# 180s and 360s help please!



## Devilbird (Oct 29, 2013)

Hey all looking for advice on how to do 180s and 360s as I'm getting serious about improving my riding this year and specifically want to learn some tricks as it's the area I'm most lacking.

My biggest issue with them when I've tried is not getting full rotation and often landing with the edge of my board down the slope which leads to falling. Also if I want to do it off natural features while going down the slope rather than in the park I'm having trouble getting the pop required. Am I supposed to flatten out at the last second before I jump or do I pop off an edge? If the latter how so because it feels awkward when I've tried it off my heel edge and I don't get nearly as much air.

Also any other tricks you suggest learning? (I've got board slides and basic grabs down decently well at this point.)


----------



## 24WERD (May 9, 2012)

Serious question: Do you know how to carve and link turns?

Goto Youtube and look at snowboardaddiciton or google it.

There is also a discount link somewhere around here up top.


----------



## 24WERD (May 9, 2012)

oh and also try How To Snowboard Videos, Tips & Snowboard Lessons - Snomie.com by our own Jed on here

and Free Learn to Snowboard Videos | SnowProfessor

They all have youtube channels as well.

Lots of free stuff out there.


----------



## ryannorthcott (Dec 17, 2010)

Well you'll want 180s both ways down before you attempt 3s. Starting with frontside 180s you'll want to pop off your toe edge, with a slight prewind as you approach the jump. Pop straight up off your toes and release the small windup, then stomp on your toe edge to ride away. Backside are a bit more tricky as you have to commit to landing blindly and make sure you come all the way around and continue down the mountain. If you are comfortable switch then backside 180s will be more natural to land. I'd master those before attempting the elusive 360


----------



## Casual (Feb 9, 2011)

There's a lot of good tutorials out there, nobody could explain it all typing in a forum. Go watch YouTube, snowboard addiction and a few others just look up the trick by name. 

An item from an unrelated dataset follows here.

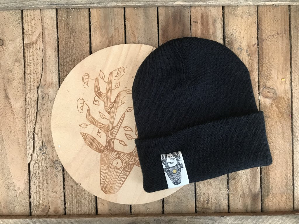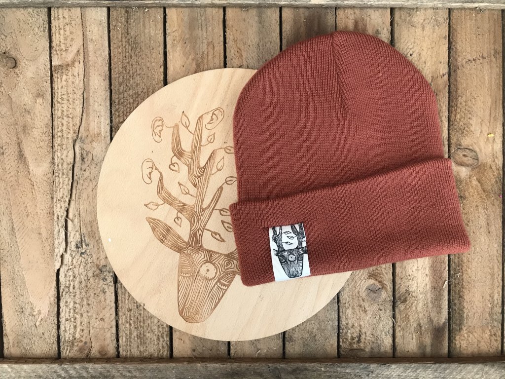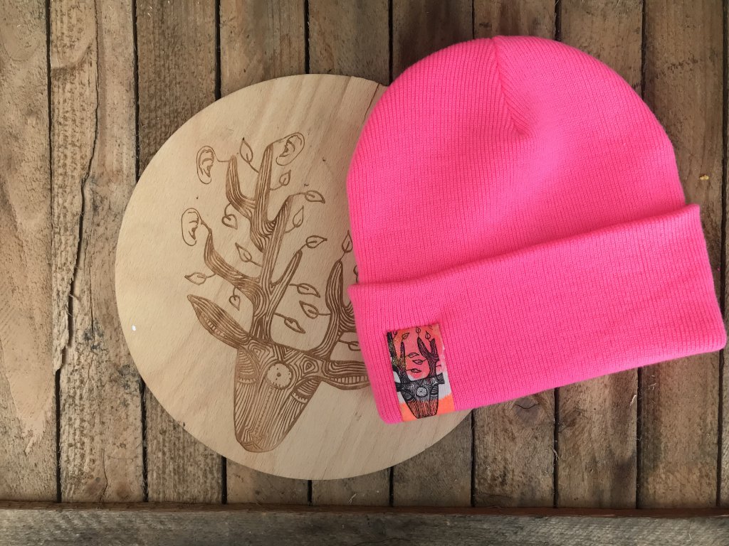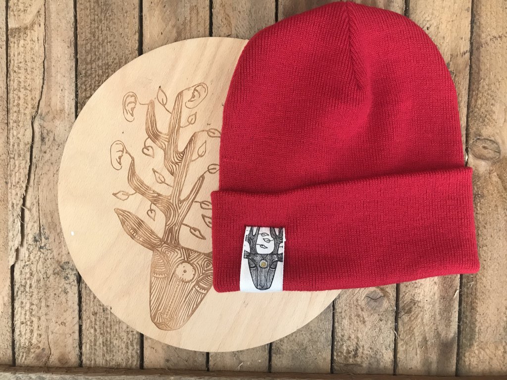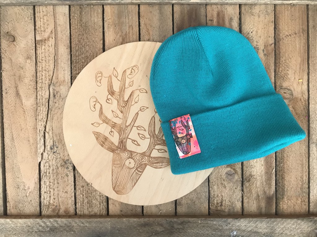 Ručně barvený a tištěný štítek.

You won't get as much pop heel side unless you have a super good ollie, that comes in time, for now it's going to be hard to pop off your heels because that's not how your body is built. Your built to jump off your toes.

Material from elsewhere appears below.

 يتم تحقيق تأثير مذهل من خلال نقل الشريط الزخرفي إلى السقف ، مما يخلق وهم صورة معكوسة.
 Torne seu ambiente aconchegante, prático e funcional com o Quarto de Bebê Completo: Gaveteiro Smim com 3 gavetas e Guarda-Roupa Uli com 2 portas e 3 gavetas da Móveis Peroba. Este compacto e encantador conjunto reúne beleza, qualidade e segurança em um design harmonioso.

Anyways look up the tutorials on YouTube, seeing it is much better than reading.


----------



## Devilbird (Oct 29, 2013)

24WERD said:


> Serious question: Do you know how to carve and link turns?
> 
> Goto Youtube and look at snowboardaddiciton or google it.
> 
> There is also a discount link somewhere around here up top.

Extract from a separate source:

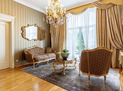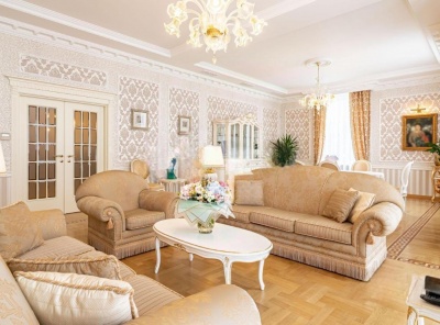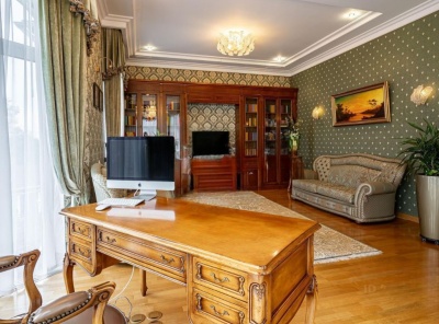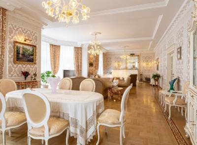 Продажа загородного дома площадью 580 кв. м. Новорижское шоссе 29 км. от МКАД. Коттеджный поселок Русская Деревня. Дом построен в 2 этажа, под ключ в классическом стиле. Фасад со шпилями придаёт внешнему облику дома сказочный вид. На большом балконе будет приятно отдыхать, любуясь вдохновляющим видом на лес. Шикарный интерьер дополнен изысканной мебелью и предметами декора. Большая площадь остекления и высокие потолки визуально увеличивают внутреннее пространство.

 To answer the question yes. I would consider myself on the low end of advance or maybe high intermediate in terms of general riding (down runs or in bowls) but on the park side I'm at the beginner level since I've never had the opportunity to just work on it on a consistent basis until now.


----------



## MGD81 (Mar 13, 2012)

ryannorthcott said:


> Well you'll want 180s both ways down before you attempt 3s. Starting with frontside 180s you'll want to pop off your toe edge, with a slight prewind as you approach the jump. Pop straight up off your toes and release the small windup, then stomp on your toe edge to ride away. Backside are a bit more tricky as you have to commit to landing blindly and make sure you come all the way around and continue down the mountain. If you are comfortable switch then backside 180s will be more natural to land. I'd master those before attempting the elusive 360


If you try and LEARN front 1's, or 3's off your toes, your gonna have a bad time.


----------



## ryannorthcott (Dec 17, 2010)

How so? Never said anything about 3s off the toe but it only makes sense to learn 1s that way, it's the more natural body movement.


----------



## Jed (May 11, 2011)

As already mentioned, there are a lot of video tutorials out there that go over the basic steps. Watch them, figure out the basic steps and if you have any specific questions post it here and I'll help out, but honestly if I had to write a guide to 360s in text, it would be a few thousand words long at least since it's a very complicated topic.

Just keep in mind that spinning isn't one technique, it's several techniques put together at the same time (Pop + carving + Rotation + switch riding for those 180s) with a specific timing to when you have to do each skill and how you combine them, which is why it's so complicated and tricky to learn.

But yeah... lots of free trick tip videos out there that will go over the basics and you can come back here and ask if you need more detail on a specific area and I can break that down for you.

Oh and just one other thing I'd highly recommend.

Learn it on flat ground first. You can perfect and learn the entire 180 and 360 technique on flat ground first, then take it to jumps and small side hits afterwards. Spinning is mostly about timing each of the individual techniques to work together at the right time and by learning on green runs first you can keep working on that timing and try it 100+ times in a row with very low risk.

(edit - totally forgot I made this awhile ago. Here's a page of a ton of spinning tips I've written in the past: http://snomie.com/ultimate-guide-learning-360s-basic-snowboard-spins/

I've got a lot of free guides and content planned for the forum too, just been too busy to implement them - but hopefully I can get around to it soon, just need to find the time.)


----------



## Extremo (Nov 6, 2008)

The only thing you need to know is this. 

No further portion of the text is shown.